Diese Gruppe habe sich seitdem zum Ziel gesetzt, den weißen US-Amerikanern den Stolz auf ihre europäische Abstammung und Ethnie auszureden sowie christliche bzw. konservative Familienwerte[2] als reaktionär und rückständig darzustellen, sexuelle Befreiung stattdessen als gut. William Sturgiss Lind definiert neben den Philosophen der Frankfurter Schule auch Feministen, Homosexuelle, Multikulturalisten, Migranten und Umweltschützer als feindliche „Kulturkrieger“.
Wikipedia: Cultural Marxism (Schlagwort)Kulturmarxismus, genauso wie "jüdischer Bolshevismus", sind Begriffe die die Nazis geprägt haben um liberale Denker zu Feindbildern zu stilisieren.
Der "Kulturkrieg" in dem sich die Rechten heute sehen, der selbe Kulturkrieg in dem sich die Nazis damals sahen, dreht sich um eine recht simple aber tief sitzende Meinungsverschiedenheit.
Individuelle Werte vs. kollektivistische Werte.
Individuelle Werte sind liberale Persönlichkeitsrechte, hervorgegangen aus der Moralphilosophie der Aufklärung und der Naturphilosophie von Amerikanern wie John Locke oder Thomas Hobbes. Hier wird grundsätzlich Gleichheit der Menschen angenommen und entsprechend individuelle Rechte abgeleitet.
Kollektivistische Werte sind Resultat eines kollektivistischen Menschenbildes in dem der Mensch über seiner Zugehörigkeit zu Gruppen definiert wird. Nation, Kultur, Religion, Ethnie etc.
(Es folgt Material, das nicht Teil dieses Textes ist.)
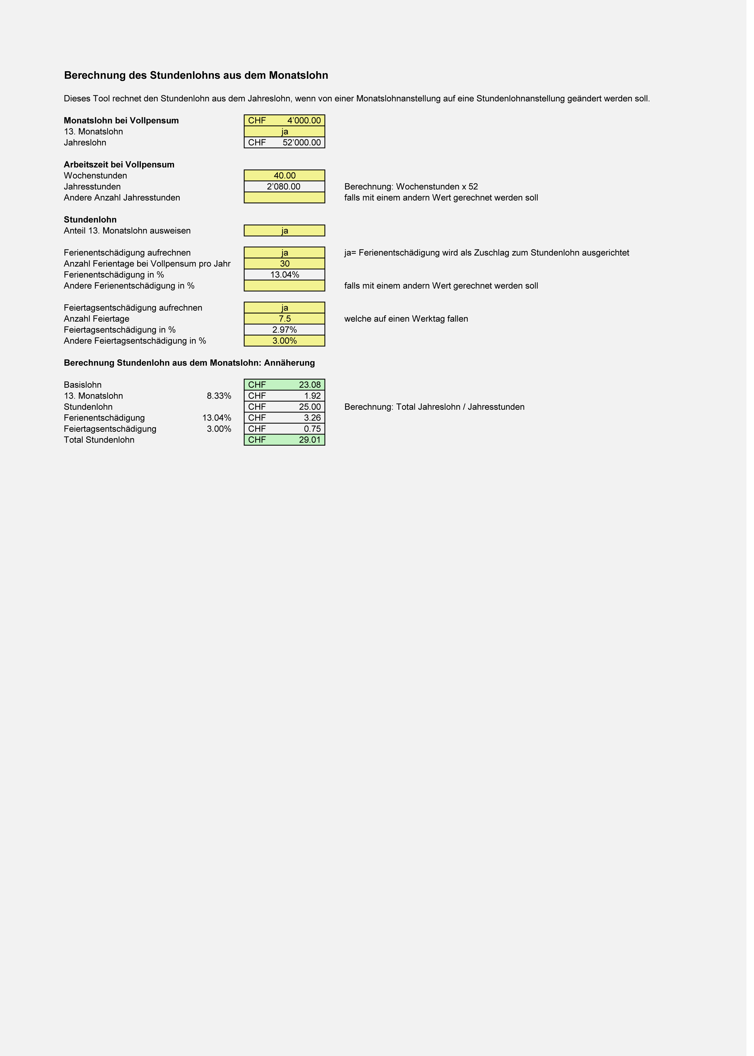 In der Lohnabrechnung muss häufig der Stundenlohn aus dem Monatslohn berechnet werden, sei es weil die Monatslohnanstellung auf eine Stundenlohnanstellung geändert wird, Mehr- und Überstunden oder Ferientage am Ende des Arbeitsverhältnisses ausgezahlt werden.

Die kollektiven Interessen der Gruppe wiegen hier höher als die individuellen Rechte des Einzelnen.
Beispiel 1:
Eine Person ist homosexuell, aber die Gruppe hat ein religiös informiertes Familienbild und dementsprechend werden dem homosexuellen verschiedenste Rechte abgesprochen um die Integrität der Gruppe zu erhalten.
Beispiel 2:
Eine Person ist Migrant, aber die Gruppe hat ein nationalistisch informiertes Selbstverständnis und lehnt dementsprechend "fremde" Einflüsse ab.
Beispiel 3:
Ein Person ist Feminist und und lehnt die Rollenerwartungen die von der Gruppe an Frauen gestellt werden ab.
In allen 3 Fälle gilt: Individuelle Wertesysteme würde die Rechte des einzelnen Verteidigen, während kollektivistische Wertesysteme das Interesse der Gruppe verteidigen.
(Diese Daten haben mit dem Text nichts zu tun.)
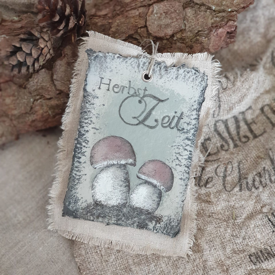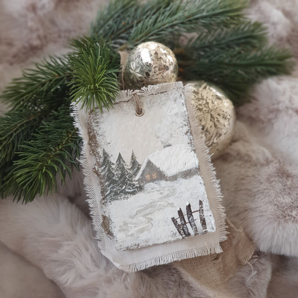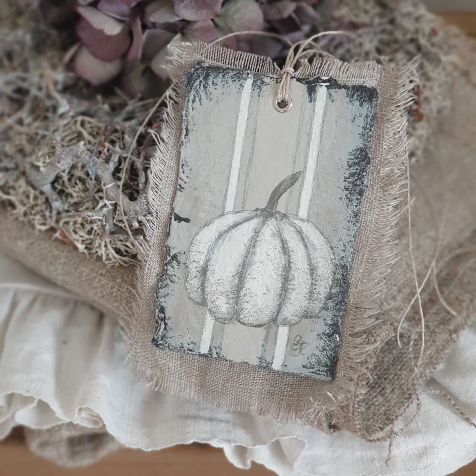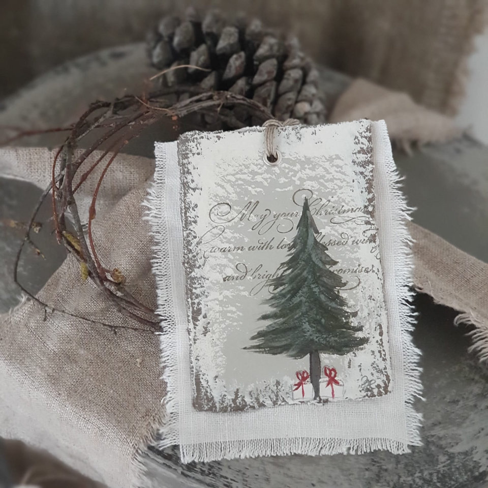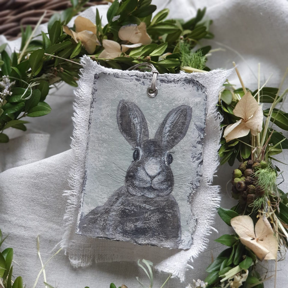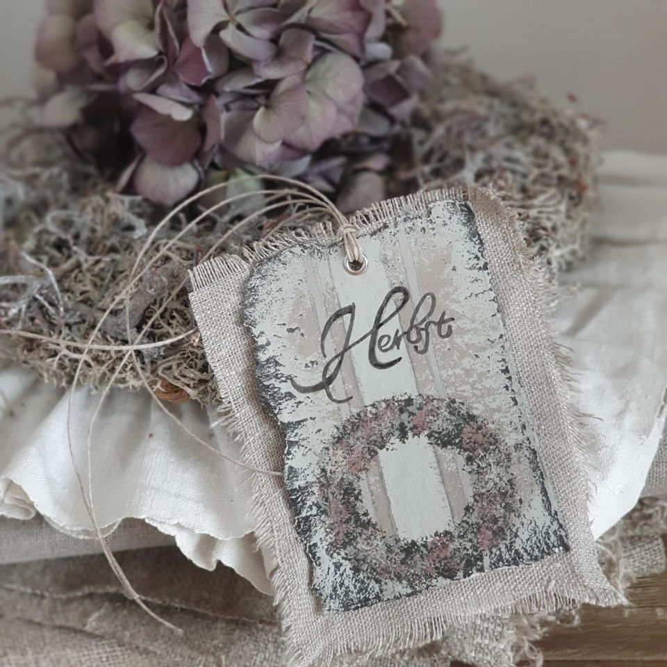 Handgemalte Leinenanhänger auf handgeschöpftem Büttenpapier sind von meinen Holzbildern inspiriert.

Der Zugrundeliegende Konflikt dreht sich also um kollektivistische vs. individualistische Werte.
In genau diesem Kulturkampf sieht sich die Rechte heute (siehe: das Essay von Orban das ich im letzten post verlinkt habe, da erzählt er genau das).
Auch Russland sieht diesen Kampf als "entscheidenden Widerspruch unserer Epoche":
„the fundamental contradiction of our epoch...is the opposition of liberal civilized standards on the one hand(individualistische Werte), and the values of national, cultural and religious identity on the other(kollektivistische Werte)“
- Moskauer Patriarch Kirill
Hitler sah sich im selben Kampf.
Die Gruppe war für ihn das oberste Gut und die Idee individueller Rechte unabhängig von Gruppenidentität bedeutete für Hitler den Zerfall der Zivilisation.
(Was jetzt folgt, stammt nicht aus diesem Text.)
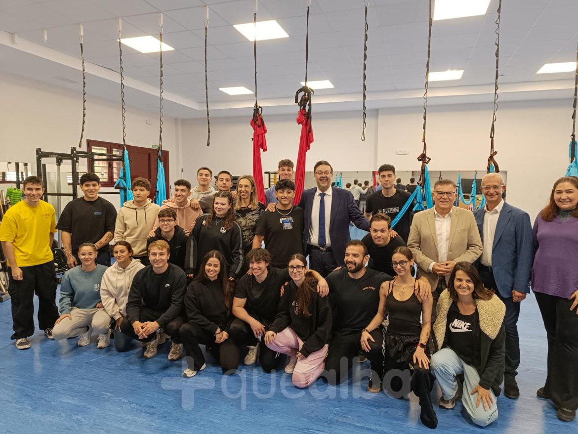 Pastor y Pérez han visitado, además, el taller técnico del ciclo formativo de grado superior de Acondicionamiento Físico, lugar en el que los alumnos le han hecho una pequeña exhibición de acrobacias aéreas.

Hitler verstand liberale Philosophie nie, deswegen sah als er Ursache dieser Bewegung stets eine jüdische Verschwörung, statt die Geister der Aufklärung und die legitimen Interessen aufgeklärter Menschen.
Hitler legte besonderen Wert auf nationale und kulturelle Identität.
Liberale hingegen wollten individuelle Identät mit individuellen Rechten verbinden aber jegliche kollektivistischen Identitäten wurden abgelehnt.
Kommunisten auf der anderen Seite wollten Konzepte nationaler, kultureller und religiöser Identität ersetzen durch eine einziges identitätstiftendes Moment: Das der Klasse.
Hitler konnte nicht wirklich zwischen den beiden unterschieden wie die Worte "Kulturmarxismus" und "jüdischer Bolshevismus" schon zeigen: Er vermischte Liberalismus, Kommunismus und Judentum zu einer verschworenen Einheit, die die Zerstörung des deutschen Volkes zum Ziel hatte.
Und du greifst genau diesen Schwachsinn auf indem du die Talking Points der Alt-Right Bewegung übernimmst in denen sie Versuchen den Marxismus als Feindbild und große Gefahr darzustellen.